Add the chard, zucchini and squash and stir, then let cook for 15 more minutes. Before serving add cooked pasta (gluten-free for mom) and top with Parmesan cheese and freeze dried basil (no fresh in winter).
The finished product was divine although I needed to cut the vegetables into much thinner pieces and add much more liquid and beans. I made this meal for my mom and she thought it was magnificent so on that note, Bon' Appetite

Julie and Julia


Based on two true stories

Directed by: Nora Ephron

2003 Columbia pictures industries

Julie And Julia is a movie and book about french cooking however I will be doing a synopsis about the movie.


The film Julie And Julia is a movie that is split in half. One half involves Julia Child’s (Meryl Streep) and how she is attempting to get her now popular book The Art of French Cooking published and it takes her to America. The other half involves Julie Powell (Amy Adams) and her attempt to make every recipe in The Art Of French Cooking (by Julia Child’s) in one year and blog about it.


What I discovered from the film is that Julia Child’s wrote a french cookbook that I would like to make recipes from and that Julia Child’s made french cooking accessible to Americans.

Interview with Sam Milligan

How long have you been cooking?

All my life, but 10 years professionally.


What was the first thing you remember cooking?

Whatever was easy growing up, but my first professional dish was a carrot soup.


How did you become interested in cooking?

I liked the creativity involved in the culinary world, plus everyone has to eat so I knew I could always find a job anywhere in the world.


What is your favorite recipe?

Braised short ribs, anything braised is awesome.


Would you suggest cooking as a job to others?

Cooking is a skill everyone needs no matter what job they choose.

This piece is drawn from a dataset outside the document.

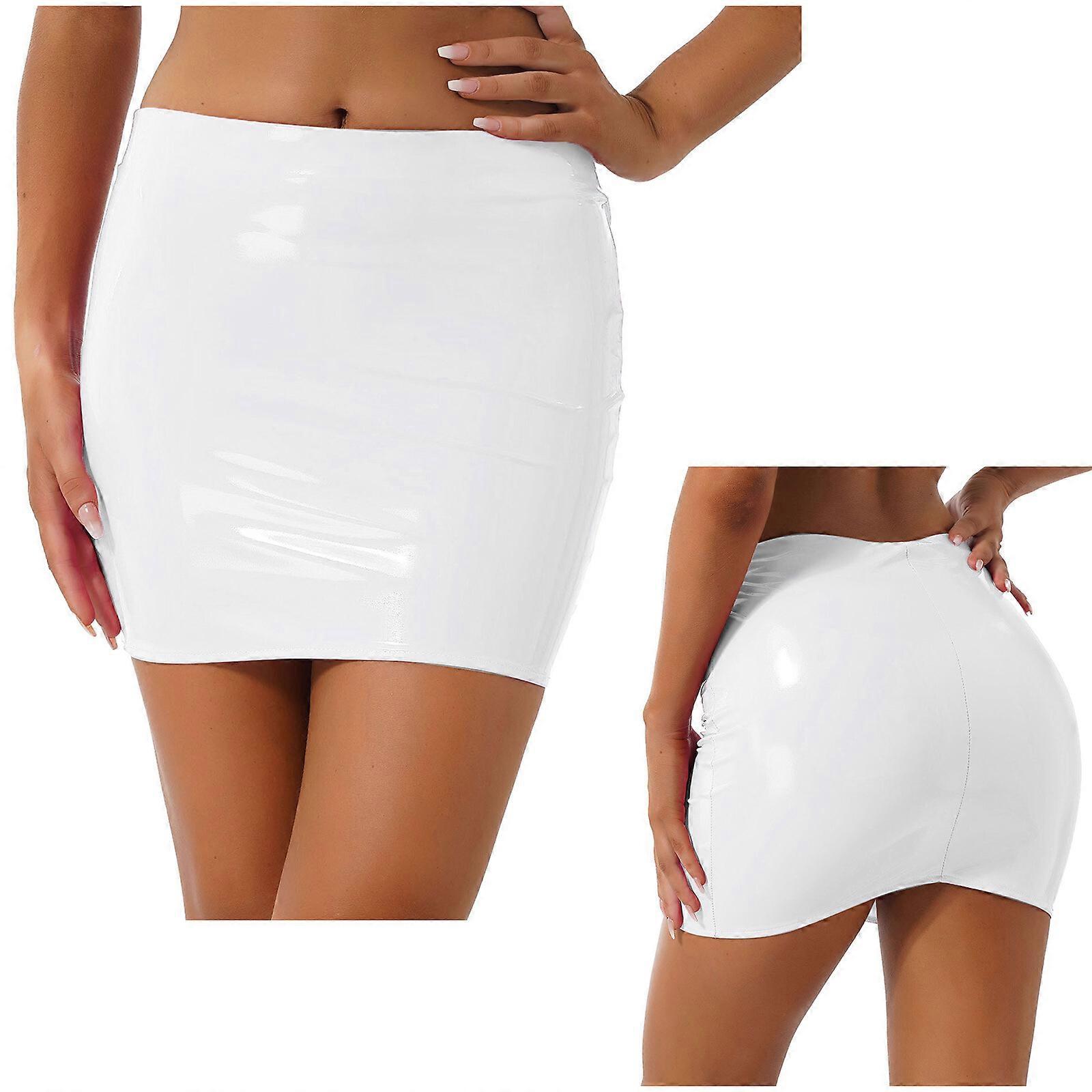 Women��s Bright Leather Mini Pencil Skirt Party Latex Solid Night Club Mini Skirt

As a job, it can be tough, but follow your heart and any job is worth it.


Do you enjoy cooking?

I love what I do and I know that wherever my professional life takes me, I will always find time to cook.


When you were growing up did you have a cooking mentor? If so, who?

The chef at my first professional job was my culinary mentor, but the work ethic my grandfather taught me was the most invaluable thing I learned growing up.


What type of cooking do you enjoy most? (ie, American, Italian, French, Japanese etc.)

Japanese, there is a beauty in the simplicity and artistry.


What is the hardest part of cooking?

cooking is an art and the hardest thing is to listen to people judge what you worked hard to prepare.


Where did you go to school for cooking?

Culinary school of the Rockies, I was able to study in Avignon, France for part of my education.


Monday, February 13, 2012

class at Kitchen Table Cooking School

Recently I took a class on knife skills at the Kitchen Table Cooking School, I made chicken parmigianno, a mixed green salad with a tangy vinaigrette, caramelized onions with sauteed bell peppers and carrots and for desert a panna cotta. The meal I made took me three hours to make but it was well worth it. I enjoyed it quite a lot. It taught me basic knife skills , and I think it gave me much more confidence in the kitchen.